**To do**
Output only the lines below from the one containing "Foto Karte: DDR" to the one containing "- Thời gian", exactly as written, both ends kept.

**Data provided**
%%

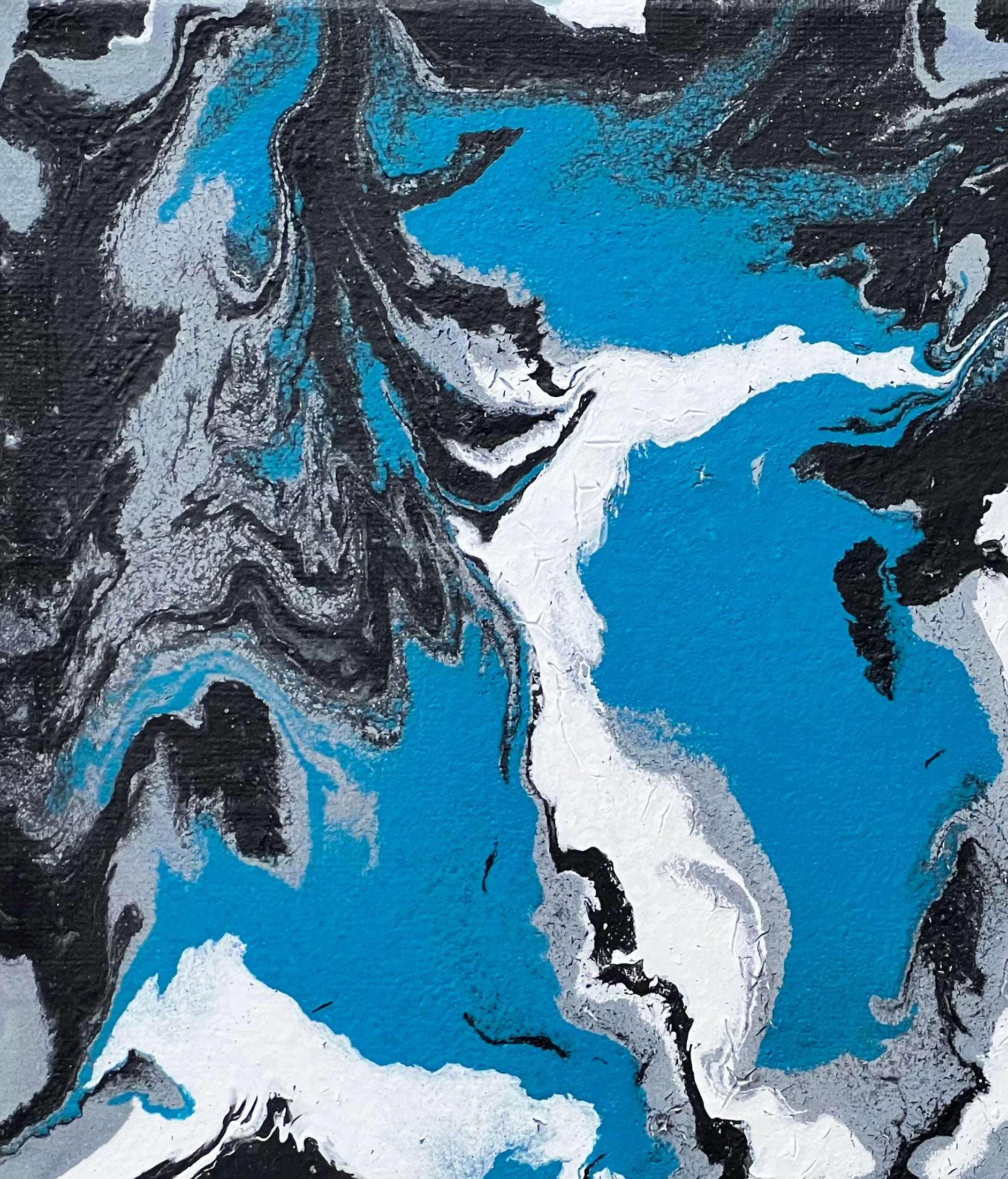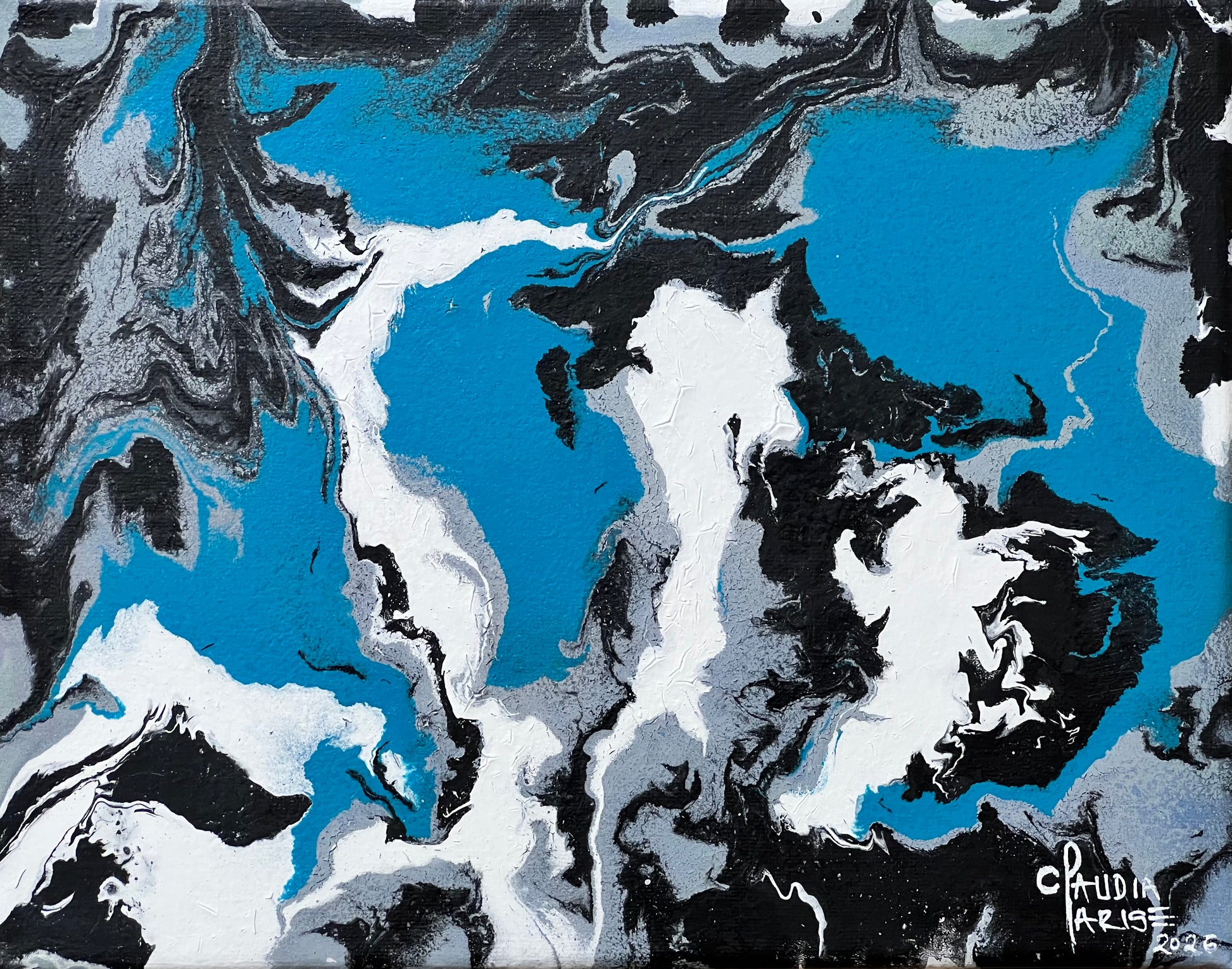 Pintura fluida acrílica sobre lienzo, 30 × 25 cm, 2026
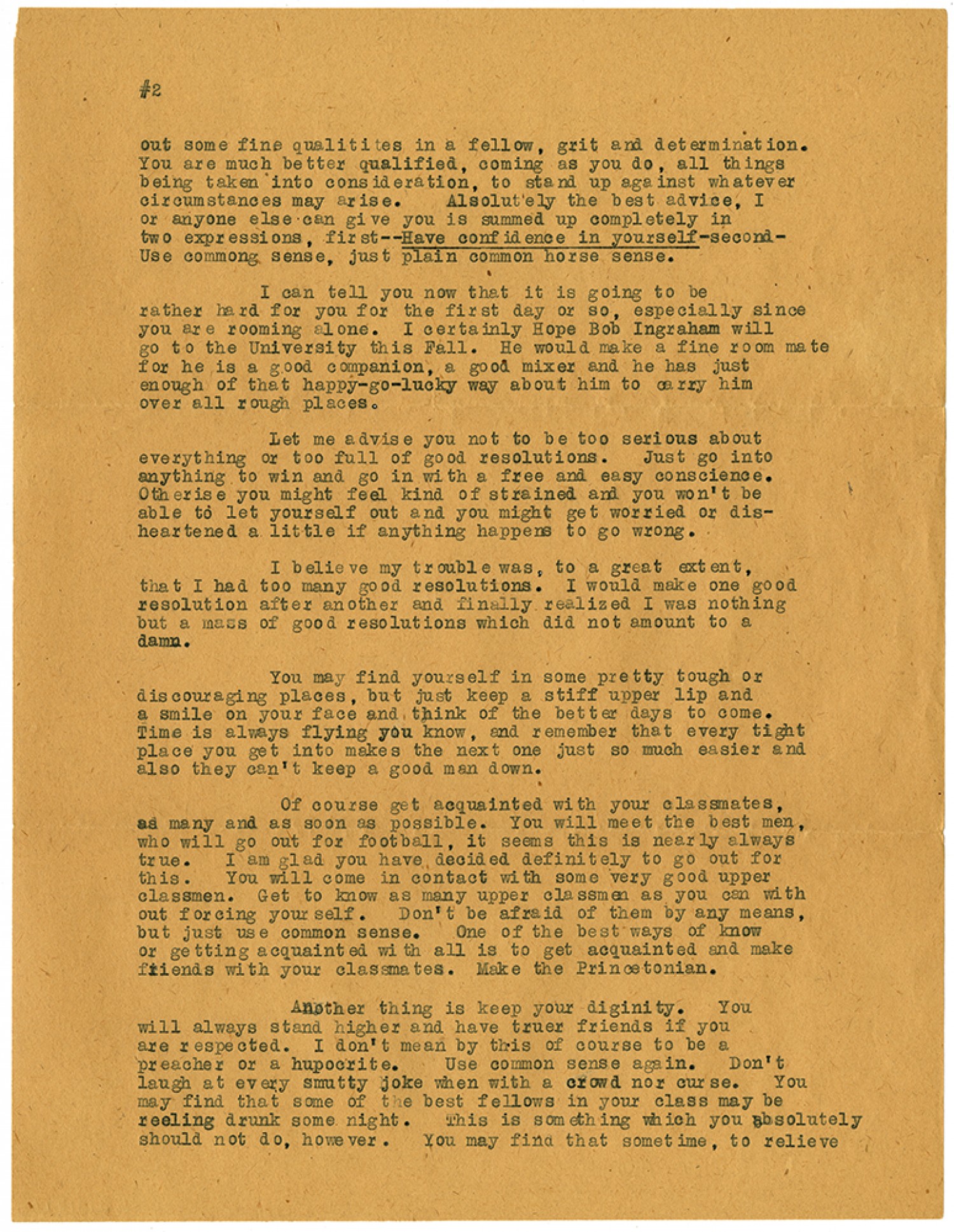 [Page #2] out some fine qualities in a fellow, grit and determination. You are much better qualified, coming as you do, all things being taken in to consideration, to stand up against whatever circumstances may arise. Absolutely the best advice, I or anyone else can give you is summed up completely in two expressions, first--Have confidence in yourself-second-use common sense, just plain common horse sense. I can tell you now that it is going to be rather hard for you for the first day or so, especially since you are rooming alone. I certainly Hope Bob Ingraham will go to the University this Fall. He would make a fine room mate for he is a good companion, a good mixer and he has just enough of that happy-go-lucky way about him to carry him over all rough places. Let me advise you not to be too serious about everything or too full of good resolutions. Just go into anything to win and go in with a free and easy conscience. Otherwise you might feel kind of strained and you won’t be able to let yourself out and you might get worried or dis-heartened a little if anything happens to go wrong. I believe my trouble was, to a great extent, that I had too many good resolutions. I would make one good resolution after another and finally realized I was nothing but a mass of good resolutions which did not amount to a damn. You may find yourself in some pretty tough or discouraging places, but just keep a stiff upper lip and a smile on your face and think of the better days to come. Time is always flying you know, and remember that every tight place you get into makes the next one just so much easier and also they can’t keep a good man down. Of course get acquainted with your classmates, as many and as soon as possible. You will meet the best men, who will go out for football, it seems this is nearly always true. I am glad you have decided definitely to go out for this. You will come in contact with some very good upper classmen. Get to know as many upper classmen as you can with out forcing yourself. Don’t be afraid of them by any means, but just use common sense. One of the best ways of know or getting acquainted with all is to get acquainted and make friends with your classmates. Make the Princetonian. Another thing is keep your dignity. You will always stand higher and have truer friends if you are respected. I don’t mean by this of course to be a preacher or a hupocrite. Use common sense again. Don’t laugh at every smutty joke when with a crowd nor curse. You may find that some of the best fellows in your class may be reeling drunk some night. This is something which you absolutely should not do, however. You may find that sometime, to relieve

%%
%%

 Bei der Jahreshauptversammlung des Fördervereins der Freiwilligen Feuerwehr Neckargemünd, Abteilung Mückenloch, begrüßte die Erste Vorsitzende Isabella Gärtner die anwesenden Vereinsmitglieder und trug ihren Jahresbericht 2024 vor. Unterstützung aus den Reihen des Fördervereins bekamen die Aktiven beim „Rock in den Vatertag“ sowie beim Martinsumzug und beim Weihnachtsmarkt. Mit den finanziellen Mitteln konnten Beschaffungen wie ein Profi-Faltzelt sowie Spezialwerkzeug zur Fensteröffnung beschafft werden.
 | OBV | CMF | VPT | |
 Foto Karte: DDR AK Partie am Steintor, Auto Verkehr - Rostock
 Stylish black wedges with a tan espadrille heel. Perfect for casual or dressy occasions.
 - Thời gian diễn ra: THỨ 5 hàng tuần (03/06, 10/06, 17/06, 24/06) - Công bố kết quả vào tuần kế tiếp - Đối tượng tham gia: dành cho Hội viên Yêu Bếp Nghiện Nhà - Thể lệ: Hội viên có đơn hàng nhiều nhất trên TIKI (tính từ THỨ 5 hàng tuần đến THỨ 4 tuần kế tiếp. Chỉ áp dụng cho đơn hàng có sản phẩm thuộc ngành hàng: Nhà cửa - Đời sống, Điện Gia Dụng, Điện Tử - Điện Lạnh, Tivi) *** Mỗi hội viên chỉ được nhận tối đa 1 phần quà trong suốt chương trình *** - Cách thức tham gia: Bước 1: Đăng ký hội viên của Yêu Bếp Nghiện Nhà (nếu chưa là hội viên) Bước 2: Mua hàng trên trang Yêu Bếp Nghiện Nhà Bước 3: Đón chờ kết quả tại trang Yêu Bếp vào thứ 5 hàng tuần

%%
%%

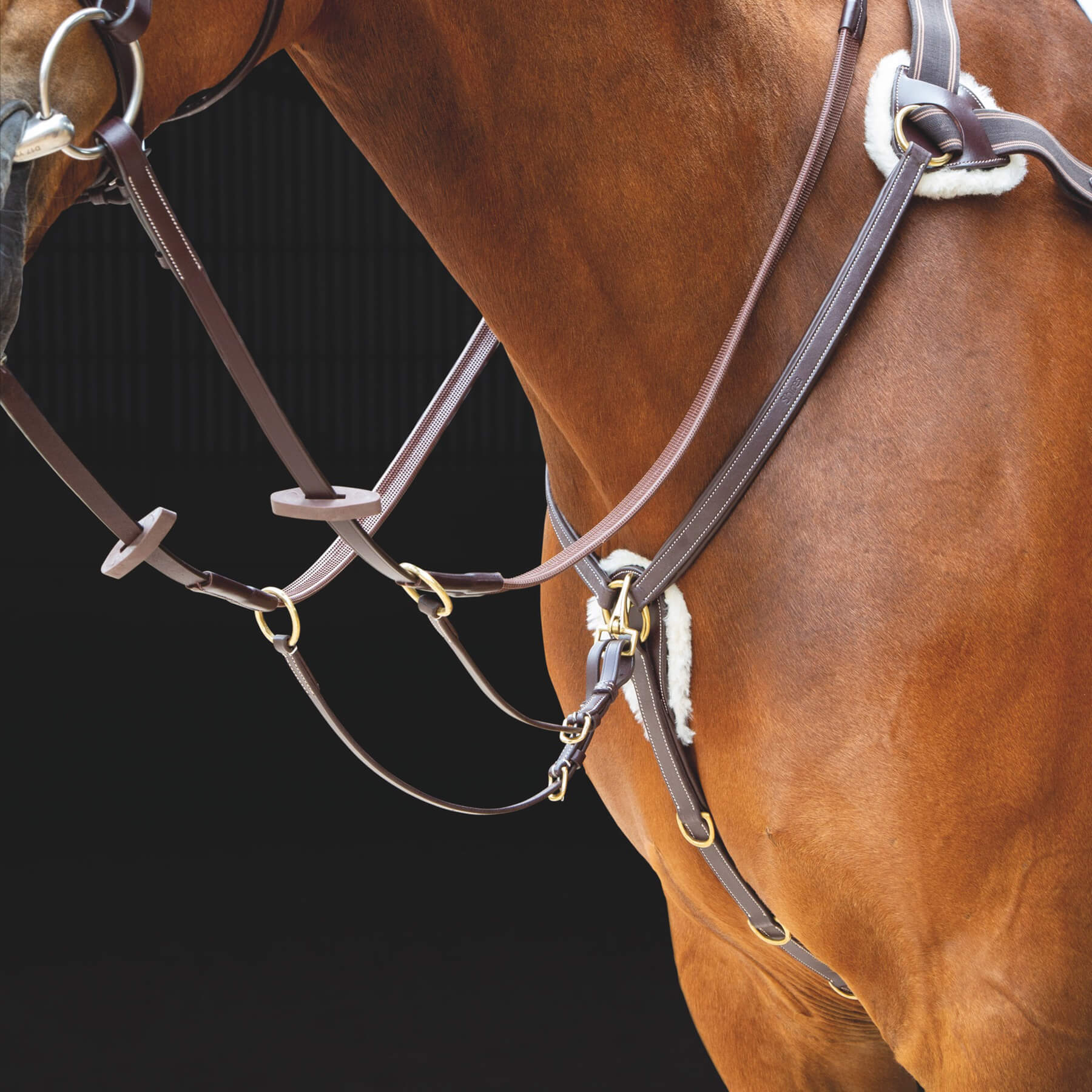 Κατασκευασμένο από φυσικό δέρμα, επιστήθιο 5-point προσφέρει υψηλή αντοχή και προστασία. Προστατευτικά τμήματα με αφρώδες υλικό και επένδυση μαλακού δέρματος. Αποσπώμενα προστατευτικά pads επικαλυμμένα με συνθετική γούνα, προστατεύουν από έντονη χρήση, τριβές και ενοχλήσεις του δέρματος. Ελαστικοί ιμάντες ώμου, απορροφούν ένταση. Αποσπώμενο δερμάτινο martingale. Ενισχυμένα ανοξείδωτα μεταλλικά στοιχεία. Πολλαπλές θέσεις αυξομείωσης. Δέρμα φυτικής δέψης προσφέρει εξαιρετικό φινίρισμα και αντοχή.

%%

**Problem solution**
 Foto Karte: DDR AK Partie am Steintor, Auto Verkehr - Rostock
 Stylish black wedges with a tan espadrille heel. Perfect for casual or dressy occasions.
 - Thời gian diễn ra: THỨ 5 hàng tuần (03/06, 10/06, 17/06, 24/06) - Công bố kết quả vào tuần kế tiếp - Đối tượng tham gia: dành cho Hội viên Yêu Bếp Nghiện Nhà - Thể lệ: Hội viên có đơn hàng nhiều nhất trên TIKI (tính từ THỨ 5 hàng tuần đến THỨ 4 tuần kế tiếp. Chỉ áp dụng cho đơn hàng có sản phẩm thuộc ngành hàng: Nhà cửa - Đời sống, Điện Gia Dụng, Điện Tử - Điện Lạnh, Tivi) *** Mỗi hội viên chỉ được nhận tối đa 1 phần quà trong suốt chương trình *** - Cách thức tham gia: Bước 1: Đăng ký hội viên của Yêu Bếp Nghiện Nhà (nếu chưa là hội viên) Bước 2: Mua hàng trên trang Yêu Bếp Nghiện Nhà Bước 3: Đón chờ kết quả tại trang Yêu Bếp vào thứ 5 hàng tuần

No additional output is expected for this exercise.